3- En consultation :
Certains traumatismes ou fractures auront pu être convenablement pris en charge par le praticien
recevant le patient. Néanmoins la pathologie du patient présentant un certains nombres de risques
évolutifs à court ou moyen terme, une consultation spécialisée plus ou moins rapide selon le cas est
également une alternative pour assurer un suivi adapté, après, encore, s’être entendu avec le
praticien spécialisé.
Conditions du transfert
Avant toute chose, l’accord de l’équipe d’accueil incluant au besoin l’équipe de réanimation et
nécessaire, au minimum pour valider le motif du transfert, vérifier la disponibilité de cette équipe et
préparer l’accueil du patient.
La prise en charge préalable assura les premiers gestes d’urgence comme précédemment évoqués
(antibiothérapie, alignement…) et permettant un transfert dans des conditions satisfaisantes
(immobilisation du membre fracturé, antalgie adaptée).
Ne pas oublier, quand une intervention chirurgicale est prévue à courte échéance, d’informer
suffisamment le patient et son entourage sur la nécessité que le patient reste à jeun, pour des
conditions de sécurité d’anesthésie générale optimales.

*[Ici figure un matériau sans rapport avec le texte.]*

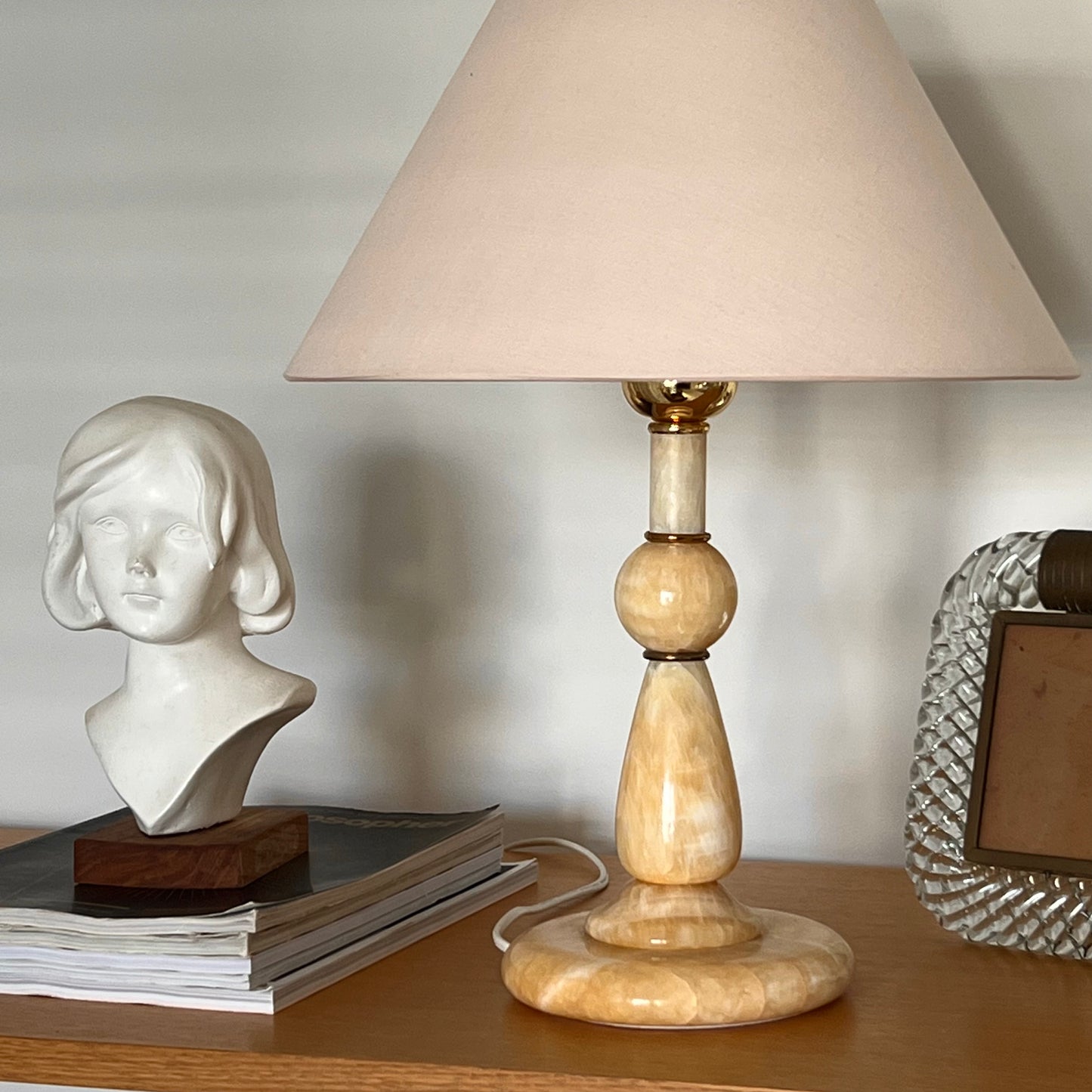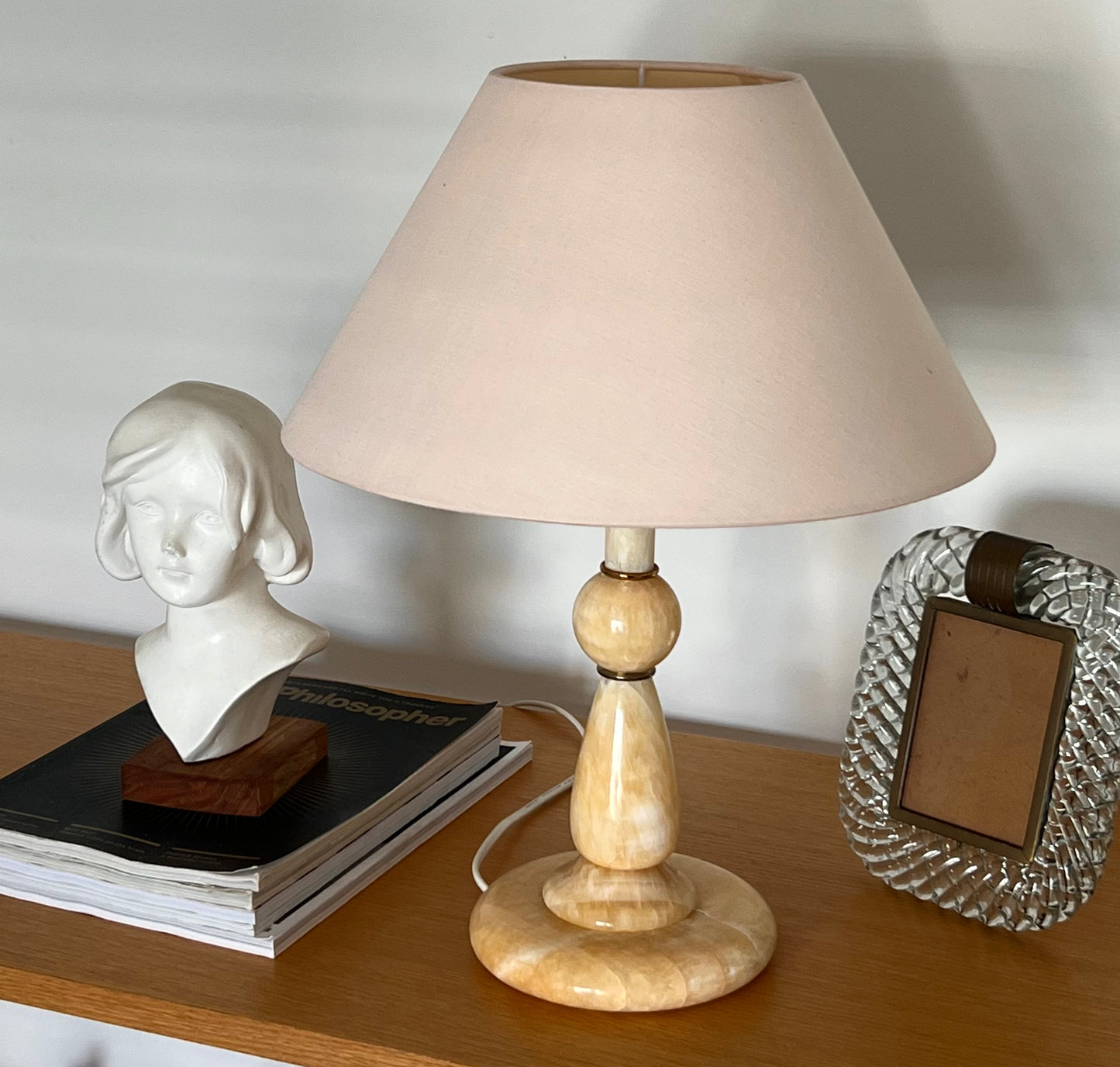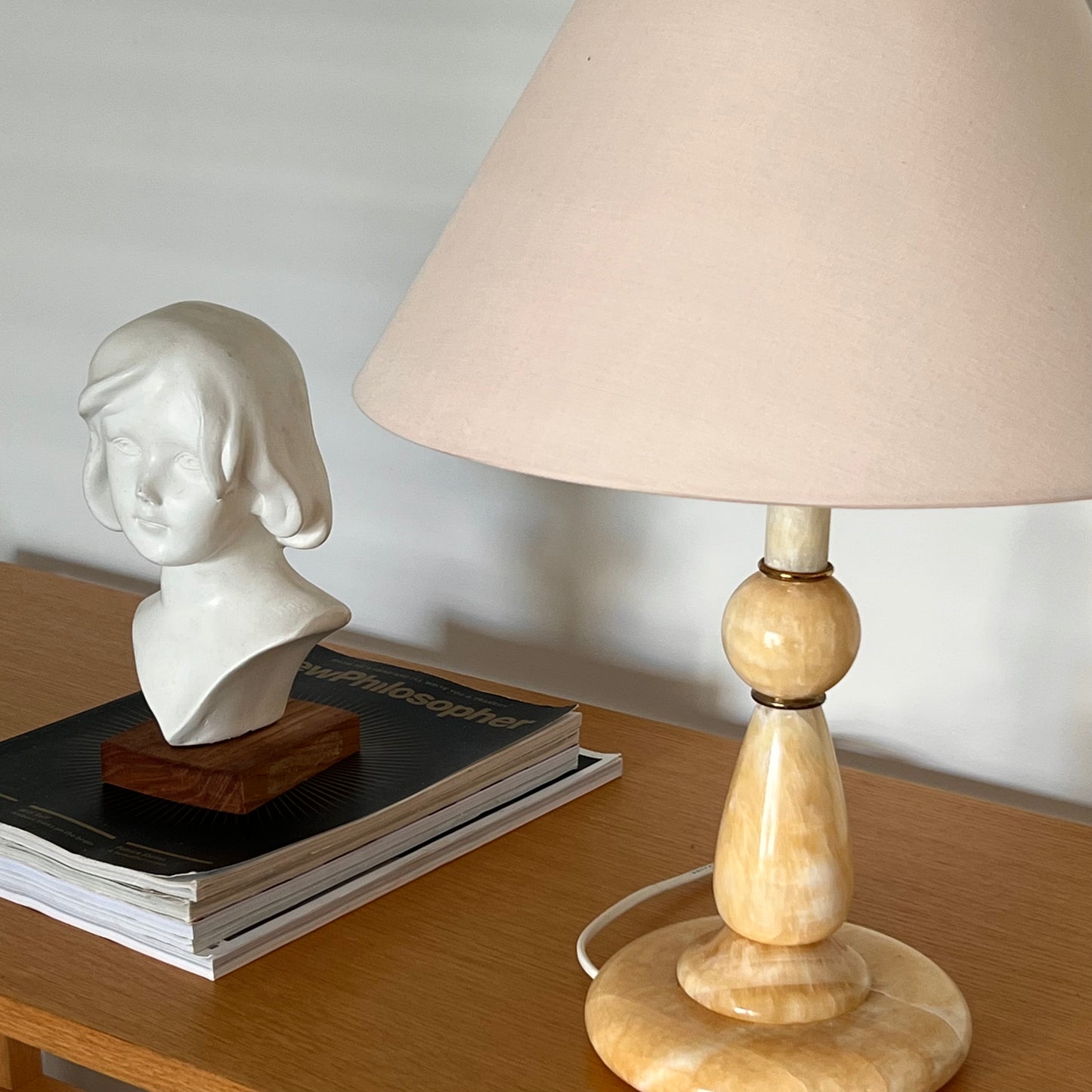 Vintage Italian Onyx Lamp with Pink Cotton Shade

Le praticien transférant le patient devra se garder de trop détailler les modalités de la prise en charge
qui sera assurée en milieu spécialisé afin de ne pas mettre les parents dans une situation
déstabilisante dans le cas où la prise en charge dans le service d’accueil ne serait pas celle imaginée
par l’équipe transférant le patient.
Les moyens du transfert seront adaptés à l’urgence et la distance à parcourir (véhicule des parents,
ambulance, SAMU, hélicoptère).
Le d’accueil du patient sera précisé par le praticien acceptant le patient en fonction de la pathologie
(urgence, service d’hospitalisation, salle de réveil du bloc opératoire, réanimation).
Les écueils classiques à ne pas commettre :
- Transférer le patient « sauvagement » sans en avertir l’équipe spécialisée d’accueil.
- Faire une description erronée de la pathologie dans le but de rendre le transfert plus
justifié au vue de l’équipe spécialisée.
- Omettre de laisser l’enfant à jeun.
- Ne pas assurer une immobilisation appropriée associée à une antalgie efficace.
- Attendre les résultats du bilan opératoire pour laisser partir l’enfant, celui-ci étant le plus
souvent inutile pour une chirurgie classique en traumatologie pédiatrique hors
antécédents particuliers.
- Ne pas oublier de transférer les clichés d’imagerie avec le patient.
- S’engager sur un type de prise en charge qui ne sera peut être pas celle retenue par
l’équipe recevant le patient transféré.
De plus, le praticien transférant l’enfant devra toujours faire connaître ses coordonnées par écrit, de
sorte que des échanges puissent être possibles par la suite, permettant au praticien du centre
d’accueil de l’informer de l’évolution de son patient.